Only the lines below from the one containing "What a 007 related" through the one containing "Calculadora de 8" belong in the answer, set down exactly, with the pictures left out.
Top of Data for the task
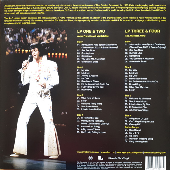 "Aloha From Hawaii Via Satellite" — это набор из 4 LP, включающий знаменитую телетрансляцию 1973 года с легендарного выступления Элвиса на тропическом острове, которое стало еще одной важной вехой в выдающейся карьере Элвиса Пресли. Согласно оригинальному выпуску на 2 LP, запись концерта представлена на первых двух дисках. Теперь вот VIP-часть программы: два дополнительных диска содержат новый микс репетиций к шоу + 5 неизданных бонус-треков. Всего пакет включает не менее 51 любимой композиции всех времен, включая "Burning Love", "Steamroller Blues" и "An American Trilogy". Пять бонусных треков были специально записаны для расширенной американской телевизионной версии шоу "Aloha From Hawaii Via Satellite". В комплекте с новыми сопроводительными заметками, ранее не публиковавшимися фотографиями и полностью ремастированным аудио, мы гарантируем, что вы испытаете наследие этого пятикратного мультиплатинового живого альбома, как будто сидите в первом ряду. Помните: 1,5 миллиарда поклонников Элвиса по всему миру не могут ошибаться! "Aloha From Hawaii Via Satellite" доступен в ограниченном издании в 2500 индивидуально пронумерованных копий на желтом цветном виниле и включает 20-страничный буклет с сопроводительными заметками, фотографиями и меморабилиями.
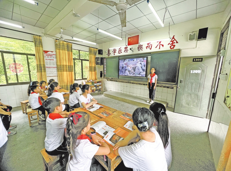 宝顶实验小学的孩子们正在学习《石刻小导游》。
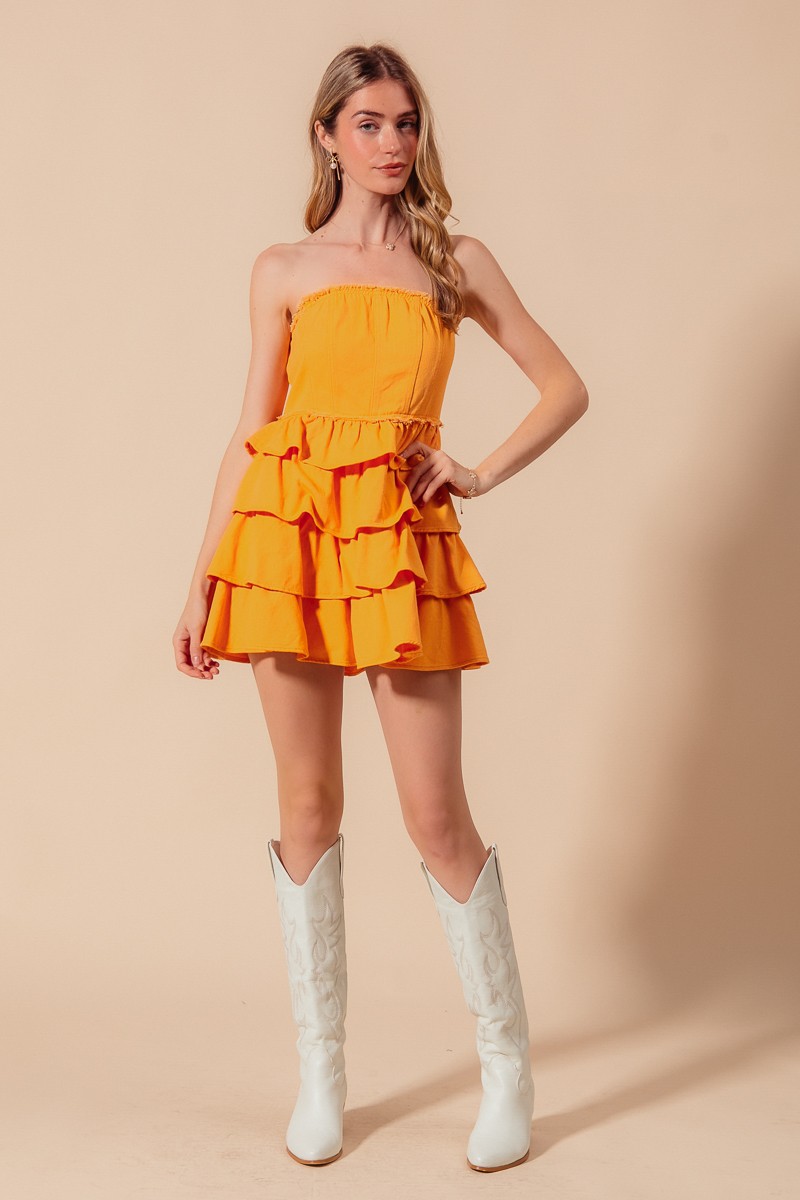 Strapless Ruffle Layered Game Day Cheer Up Dress
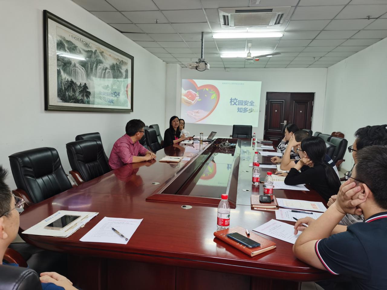 11月17日下午,我院学生工作学习交流系列活动在研发中心717会议室召开,副处级辅导员周郭军就“安全教育”进行主题工作交流分享,党委副书记胡先文出席,19级、20级班主任、全体辅导员参加。
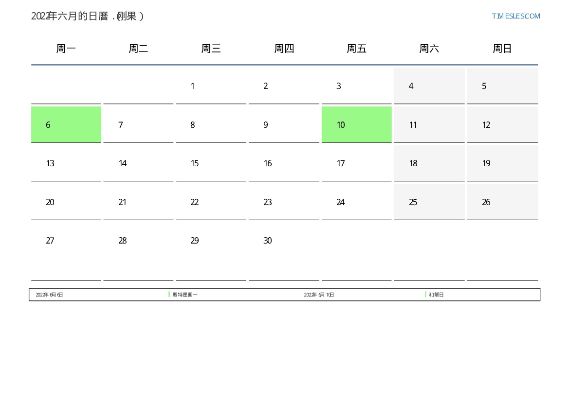 下載並打印2022年六月刚果節假日和周末的PDF日曆
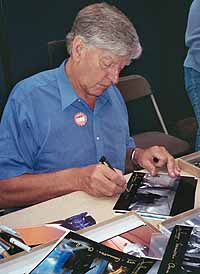 What a 007 related rarity! We did a private signing with Dave Prowse (world famous for his role as Darth Vader in Star Wars) who also played "Frankenstein" in James Bond's "Casino Royale". Wonderful 8x10 color shot from Casino Royale with David Niven as 007 James Bond. Awsome signed in-person for us in April 2004 and he added also "Frankenstein Casino Royale" to his signature! He is extremely rare and highly valueable. The market is flooded with FAKE Star Wars autographs of him. Bond signed autographs even did not exist till we did the signing now! Very limited quantities!
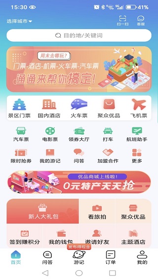 1、首页带来了景区门票、国内酒店、火车票、聚众优品、飞机票等服务板块;
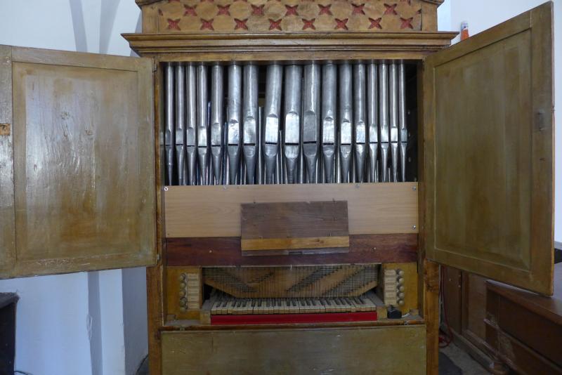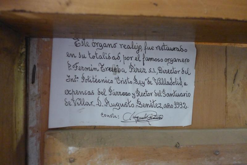 xxx Tipo realejo, 4 octavas y una corta, tubo estaño, 10 registros (ver ficha inventario)
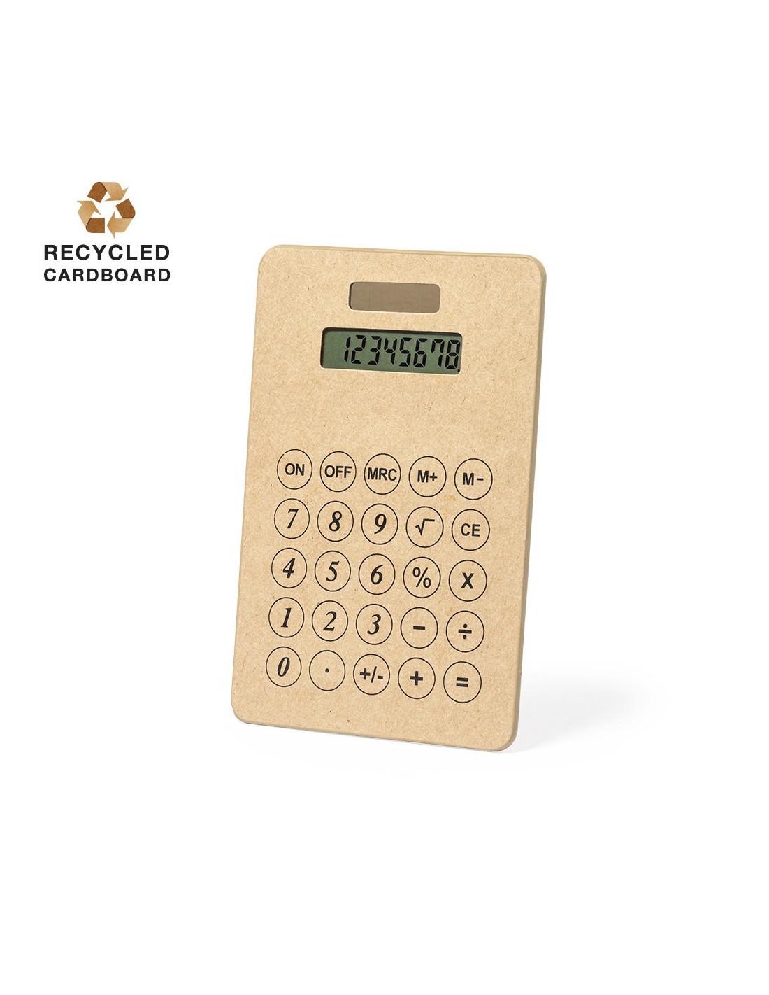 Calculadora de 8 dígitos de línea nature. Fabricada en cartón reciclado y funcionamiento con energía solar. Pantalla LCD y mecanismo de apagado automático. Presentada en caja individual de diseño kraft.
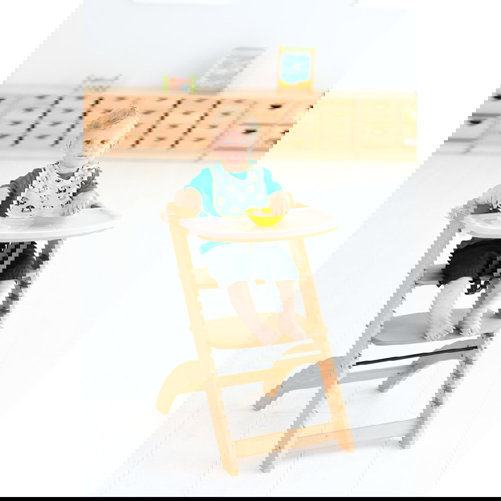 Mit seiner verstellbaren Sitzfläche und Fußstütze begleitet Moritz Ihr Kind über viele Jahre. Er bietet den Kleinsten ab sechs Monaten einen sicheren Platz am Familientisch und lässt sich später einfach in einen stabilen Stuhl für ältere Kinder verwandeln. Dank des abnehmbaren Tisches und des integrierten Gurtsystems ist er sowohl ein praktischer Ess- und Spielplatz als auch ein vollwertiger Stuhl, der die Teilnahme am gemeinsamen Familienleben fördert.
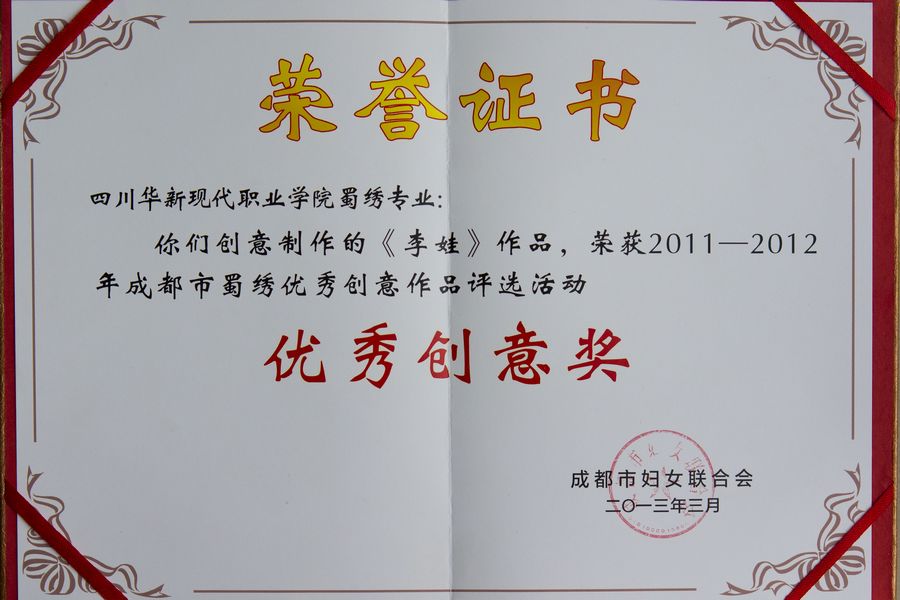 获奖:成都市首届蜀绣优秀创意作品评选活动优秀创意奖
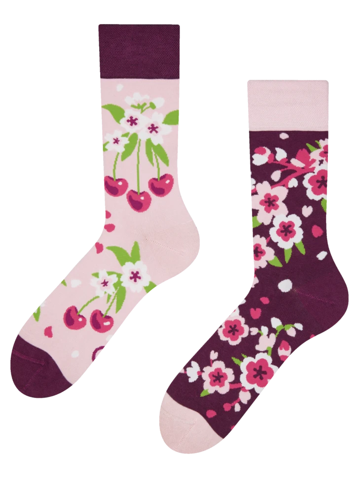 Kirschblüten sind ein Symbol des Frühlings. Ganz gleich zu welcher Jahreszeit, bringe mit diesen lustigen Bambussocken einen Hauch von Frühling in deinen Kleiderschrank.
Bottom of Data for the task
# Your response
 What a 007 related rarity! We did a private signing with Dave Prowse (world famous for his role as Darth Vader in Star Wars) who also played "Frankenstein" in James Bond's "Casino Royale". Wonderful 8x10 color shot from Casino Royale with David Niven as 007 James Bond. Awsome signed in-person for us in April 2004 and he added also "Frankenstein Casino Royale" to his signature! He is extremely rare and highly valueable. The market is flooded with FAKE Star Wars autographs of him. Bond signed autographs even did not exist till we did the signing now! Very limited quantities!
 1、首页带来了景区门票、国内酒店、火车票、聚众优品、飞机票等服务板块;
 xxx Tipo realejo, 4 octavas y una corta, tubo estaño, 10 registros (ver ficha inventario)
 Calculadora de 8 dígitos de línea nature. Fabricada en cartón reciclado y funcionamiento con energía solar. Pantalla LCD y mecanismo de apagado automático. Presentada en caja individual de diseño kraft.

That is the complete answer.